◆ **What is needed**: Copy nothing but the lines from the one containing "Il Comitato Cassina" through the last line of the entries below, exactly as written and without pictures.

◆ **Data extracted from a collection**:
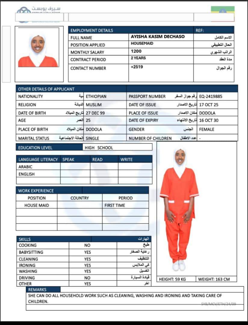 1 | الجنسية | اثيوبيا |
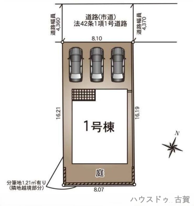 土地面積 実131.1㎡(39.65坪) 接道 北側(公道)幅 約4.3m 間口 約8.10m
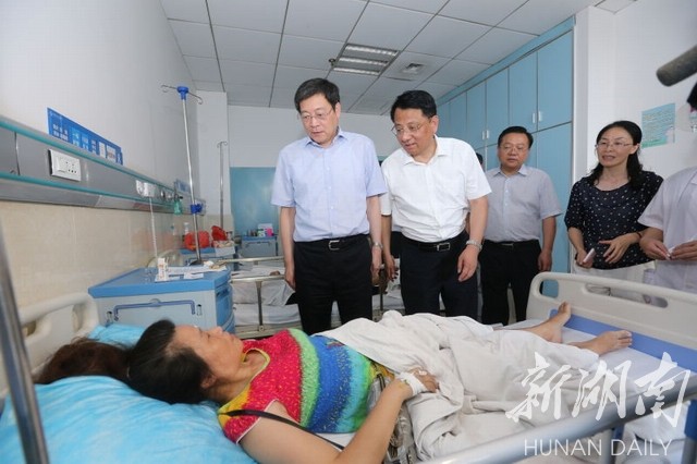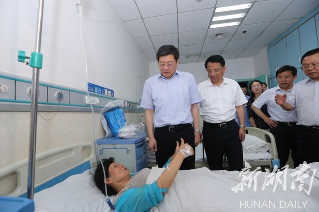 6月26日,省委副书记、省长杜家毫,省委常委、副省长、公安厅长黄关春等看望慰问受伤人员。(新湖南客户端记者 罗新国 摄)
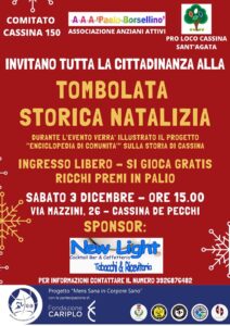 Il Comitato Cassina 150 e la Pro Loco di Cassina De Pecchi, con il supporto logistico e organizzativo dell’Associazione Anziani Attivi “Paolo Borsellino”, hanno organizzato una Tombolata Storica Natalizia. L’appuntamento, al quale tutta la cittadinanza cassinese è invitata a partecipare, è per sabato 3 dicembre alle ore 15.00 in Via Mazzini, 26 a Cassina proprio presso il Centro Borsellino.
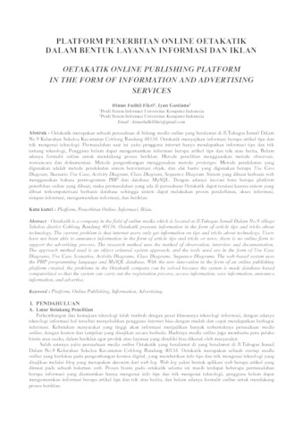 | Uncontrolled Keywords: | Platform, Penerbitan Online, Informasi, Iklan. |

◆ **Exercise solution**:
 Il Comitato Cassina 150 e la Pro Loco di Cassina De Pecchi, con il supporto logistico e organizzativo dell’Associazione Anziani Attivi “Paolo Borsellino”, hanno organizzato una Tombolata Storica Natalizia. L’appuntamento, al quale tutta la cittadinanza cassinese è invitata a partecipare, è per sabato 3 dicembre alle ore 15.00 in Via Mazzini, 26 a Cassina proprio presso il Centro Borsellino.
 | Uncontrolled Keywords: | Platform, Penerbitan Online, Informasi, Iklan. |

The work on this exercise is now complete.